As can be seen from the above, the conference terminal 1100 of the present embodiment receives the audio signal picked up by the movable audio pickup device, and obtains the direction of the movable audio pickup device relative to the conference terminal; generating direction indication information indicating the direction of sound presented when the audio signal is played according to the current direction of the movable audio pickup equipment relative to the meeting place terminal; sending the audio signal and the direction indication information, wherein the sound direction to be presented when the audio signal is played, which is indicated by the direction indication information generated and sent by the conference terminal, is matched with the current direction of the movable audio pickup device relative to the conference terminal; therefore, after receiving the audio signal and the direction indicating information, the conference server or other conference terminals can adjust and play the audio signal according to the direction indicating information, and then can play the audio signal and the corresponding image signal with the sound-image matching effect, thereby laying a foundation, and being beneficial to realizing the functions of 'listening and distinguishing positions' in the scene that the video conference system deploys the movable audio pickup equipment.
It should be noted that, for simplicity of description, the above-mentioned method embodiments are described as a series of acts or combination of acts, but those skilled in the art will recognize that the present invention is not limited by the order of acts, as some steps may occur in other orders or concurrently in accordance with the invention. Further, those skilled in the art should also appreciate that the embodiments described in the specification are preferred embodiments and that the acts and modules referred to are not necessarily required by the invention.

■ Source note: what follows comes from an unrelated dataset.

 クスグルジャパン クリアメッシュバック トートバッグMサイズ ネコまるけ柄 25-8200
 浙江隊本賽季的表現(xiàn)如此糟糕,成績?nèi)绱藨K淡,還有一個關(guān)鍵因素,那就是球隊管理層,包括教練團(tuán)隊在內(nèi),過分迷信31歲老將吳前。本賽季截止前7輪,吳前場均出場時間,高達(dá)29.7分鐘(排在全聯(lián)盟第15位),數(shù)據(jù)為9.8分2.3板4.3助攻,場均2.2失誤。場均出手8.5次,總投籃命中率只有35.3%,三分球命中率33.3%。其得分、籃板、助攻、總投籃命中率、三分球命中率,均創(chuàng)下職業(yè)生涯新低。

In the foregoing embodiments, the descriptions of the respective embodiments have respective emphasis, and for parts that are not described in detail in a certain embodiment, reference may be made to related descriptions of other embodiments.
It will be understood by those skilled in the art that all or part of the steps in the method for implementing the above embodiments may be implemented by hardware that is instructed to implement by a program, and the program may be stored in a computer-readable storage medium, where the above-mentioned storage medium may be a read-only memory, a magnetic or optical disk, and the like.

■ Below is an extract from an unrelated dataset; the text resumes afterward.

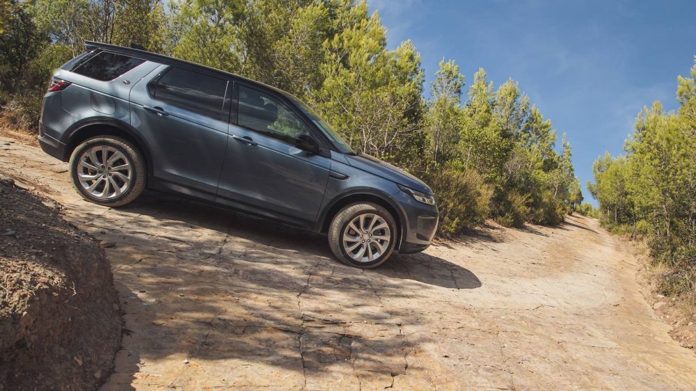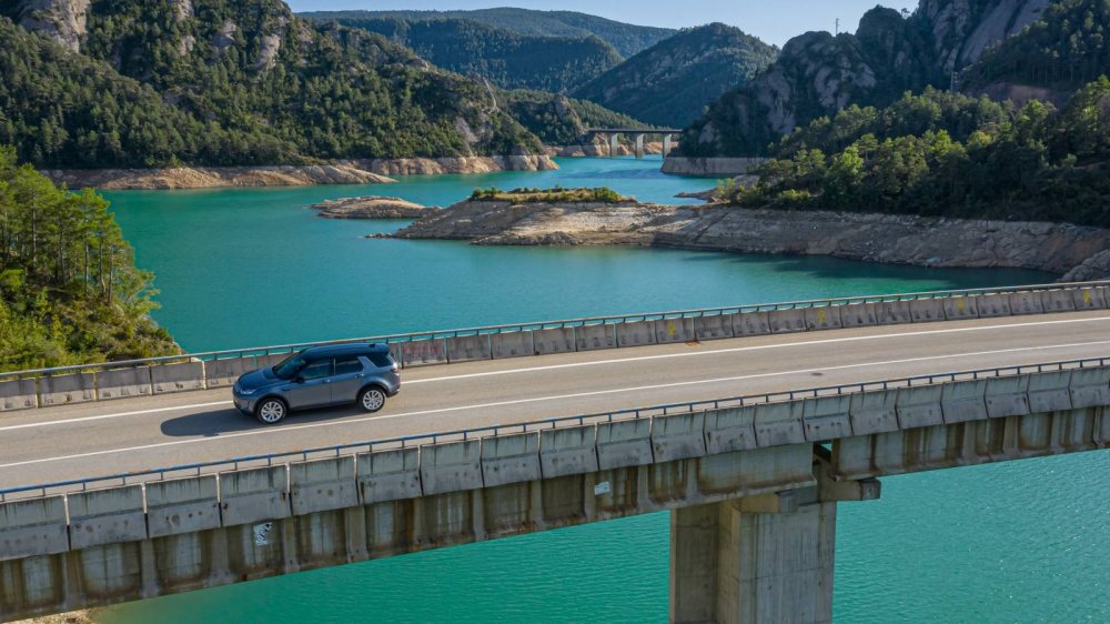 Поначалу выбор окрестностей Барселоны для места проведения тест-драйва показался непонятным: повсеместное ограничение в 50 км/ч и узкие серпантины, на которых Discovery Sport радует только в меру тяжёлым рулем с удачными настройками электроусилителя и чётким нулевым положением. Крены умеренные, асфальтовые повадки вполне типичные для некрупного кроссовера, разве что ширина почти в 2,2 метра с учётом зеркал намекает, что лучше ехать 120 км/ч по шоссе, чем разъезжаться с грузовиками на узких извилистых дорожках. На трассовых скоростях, кстати, не докучают ни шум ветра, ни звук мотора: несмотря на то что двойное остекление «Диско» не положено (его нет даже у более «статусного» Эвока), и без него шумоизоляция вполне достойная.

The audio signal processing of the conference terminal, the conference terminal and the video conference system provided by the embodiment of the invention are introduced in detail, a specific example is applied in the text to explain the principle and the implementation mode of the invention, and the description of the embodiment is only used for helping to understand the method and the core idea of the invention; meanwhile, for a person skilled in the art, according to the idea of the present invention, there may be variations in the specific embodiments and the application scope, and in summary, the content of the present specification should not be construed as a limitation to the present invention.